■ PROVIDED MATERIAL ■
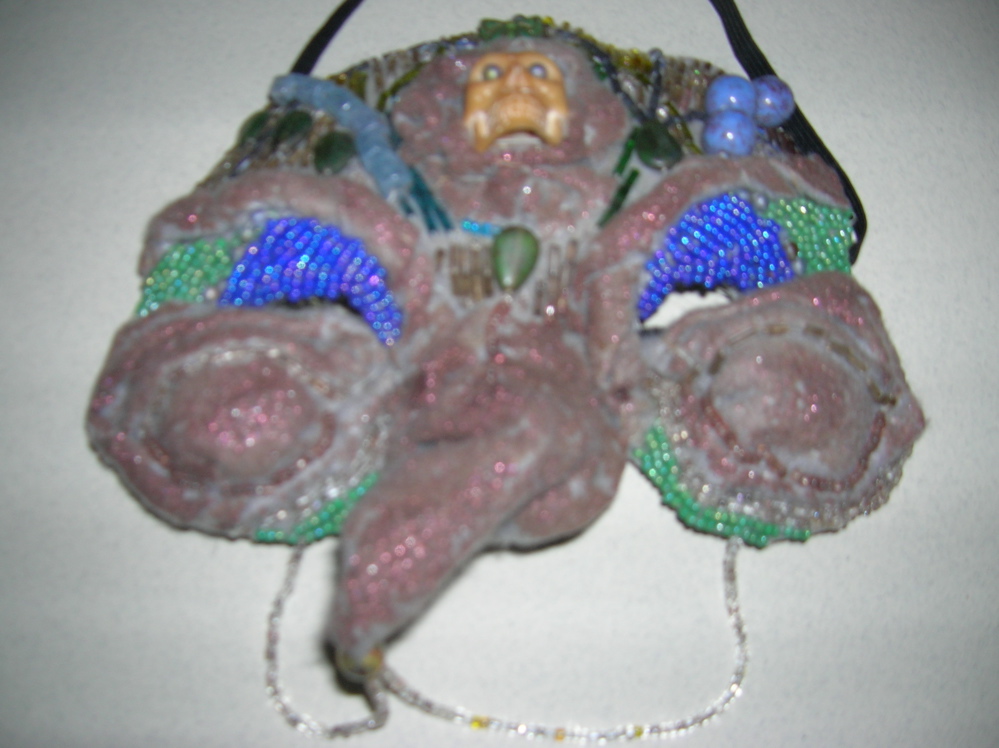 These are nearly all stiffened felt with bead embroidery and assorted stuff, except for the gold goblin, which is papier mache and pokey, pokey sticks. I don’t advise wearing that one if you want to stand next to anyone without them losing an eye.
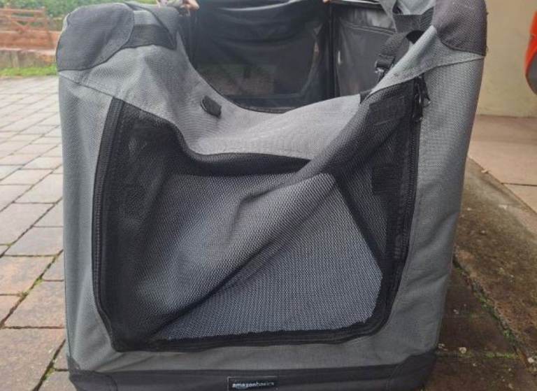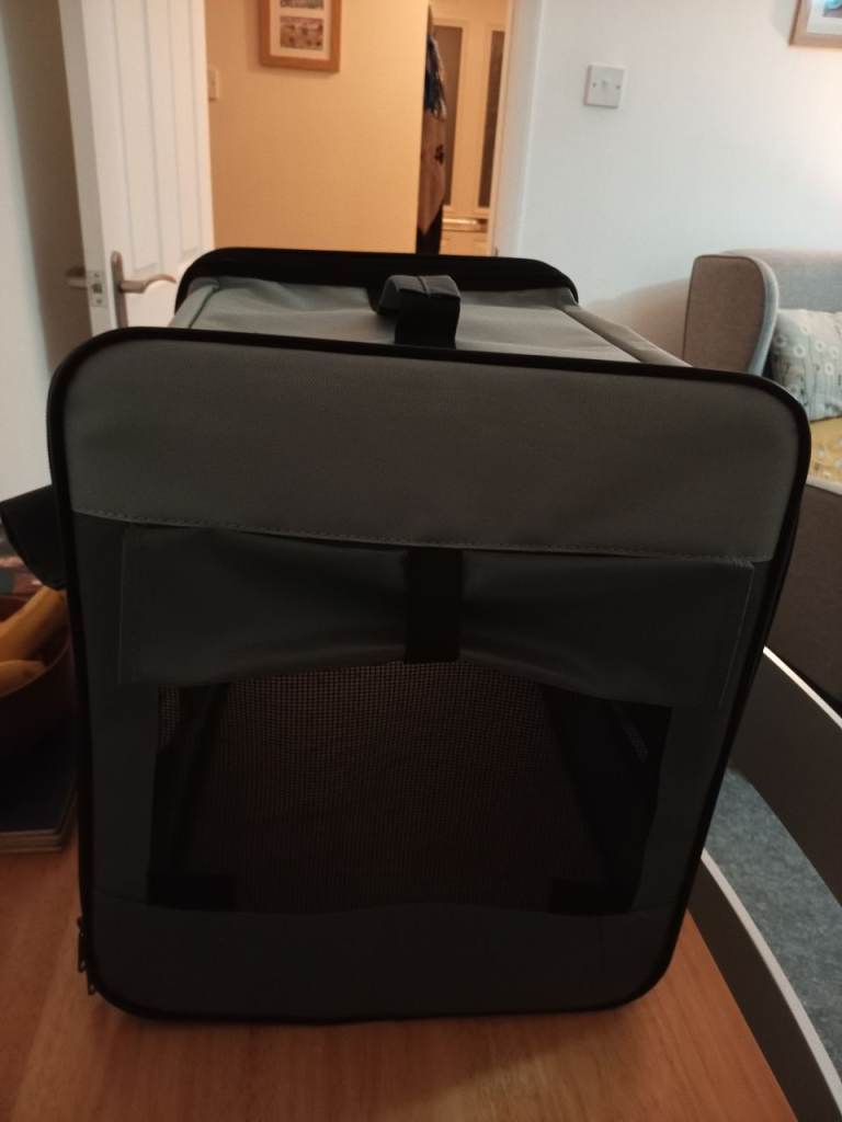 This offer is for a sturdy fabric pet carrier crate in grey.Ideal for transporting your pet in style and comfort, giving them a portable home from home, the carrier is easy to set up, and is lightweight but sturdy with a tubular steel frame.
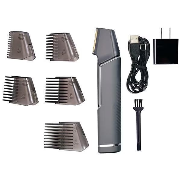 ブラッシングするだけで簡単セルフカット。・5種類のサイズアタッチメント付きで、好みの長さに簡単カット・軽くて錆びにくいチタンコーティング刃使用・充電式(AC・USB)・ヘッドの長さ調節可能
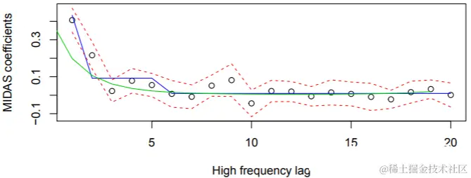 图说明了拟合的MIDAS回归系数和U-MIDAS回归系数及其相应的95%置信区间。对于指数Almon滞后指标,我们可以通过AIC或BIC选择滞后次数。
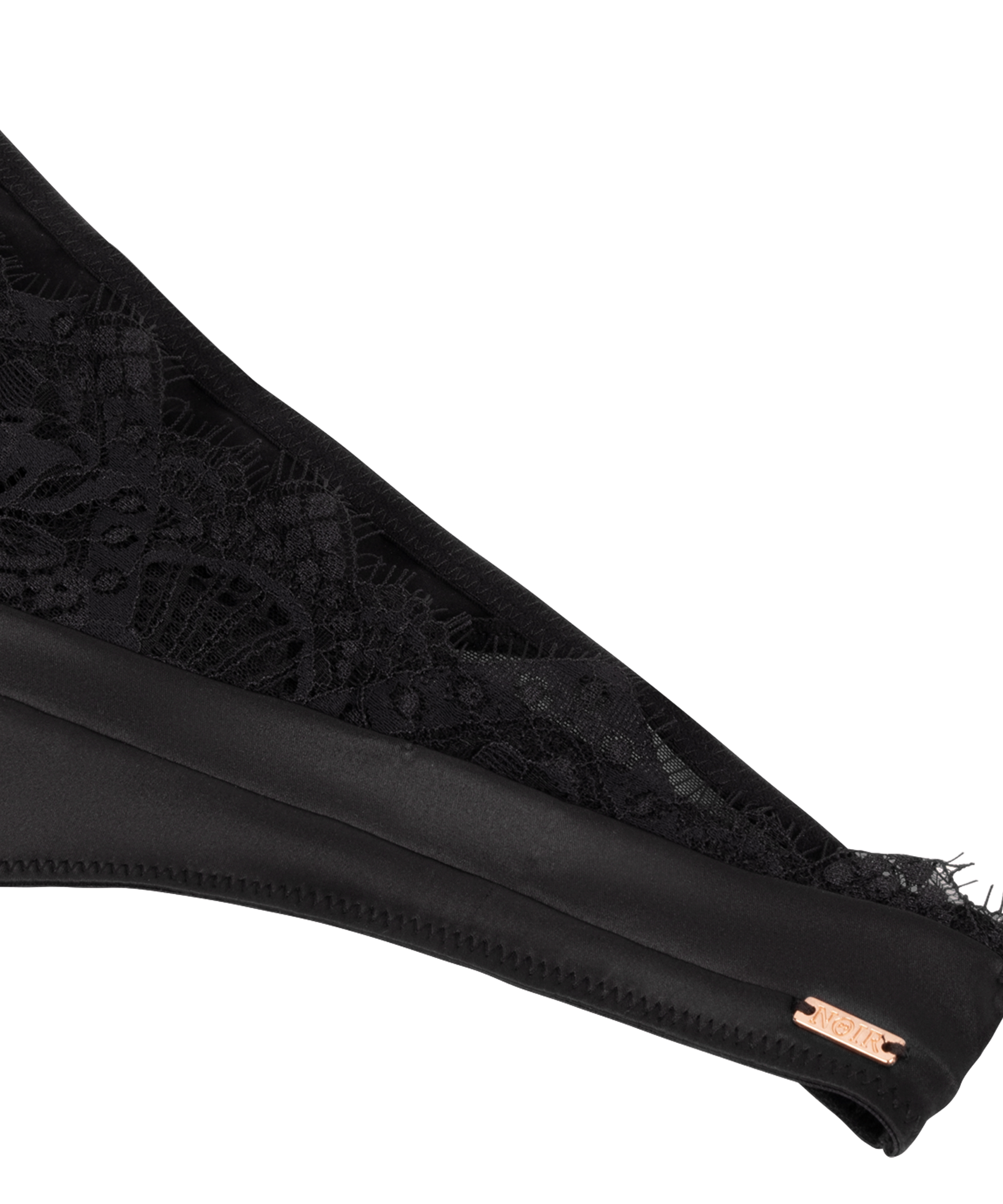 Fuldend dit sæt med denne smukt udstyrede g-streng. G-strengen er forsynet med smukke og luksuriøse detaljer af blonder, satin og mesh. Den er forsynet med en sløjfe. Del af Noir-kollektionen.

■ THE TASK ■
Leave the images out and transcribe the remaining data above word for word.

■ RESPONSE BELOW ■
 These are nearly all stiffened felt with bead embroidery and assorted stuff, except for the gold goblin, which is papier mache and pokey, pokey sticks. I don’t advise wearing that one if you want to stand next to anyone without them losing an eye.
 This offer is for a sturdy fabric pet carrier crate in grey.Ideal for transporting your pet in style and comfort, giving them a portable home from home, the carrier is easy to set up, and is lightweight but sturdy with a tubular steel frame.
 ブラッシングするだけで簡単セルフカット。・5種類のサイズアタッチメント付きで、好みの長さに簡単カット・軽くて錆びにくいチタンコーティング刃使用・充電式(AC・USB)・ヘッドの長さ調節可能
 图说明了拟合的MIDAS回归系数和U-MIDAS回归系数及其相应的95%置信区间。对于指数Almon滞后指标,我们可以通过AIC或BIC选择滞后次数。
 Fuldend dit sæt med denne smukt udstyrede g-streng. G-strengen er forsynet med smukke og luksuriøse detaljer af blonder, satin og mesh. Den er forsynet med en sløjfe. Del af Noir-kollektionen.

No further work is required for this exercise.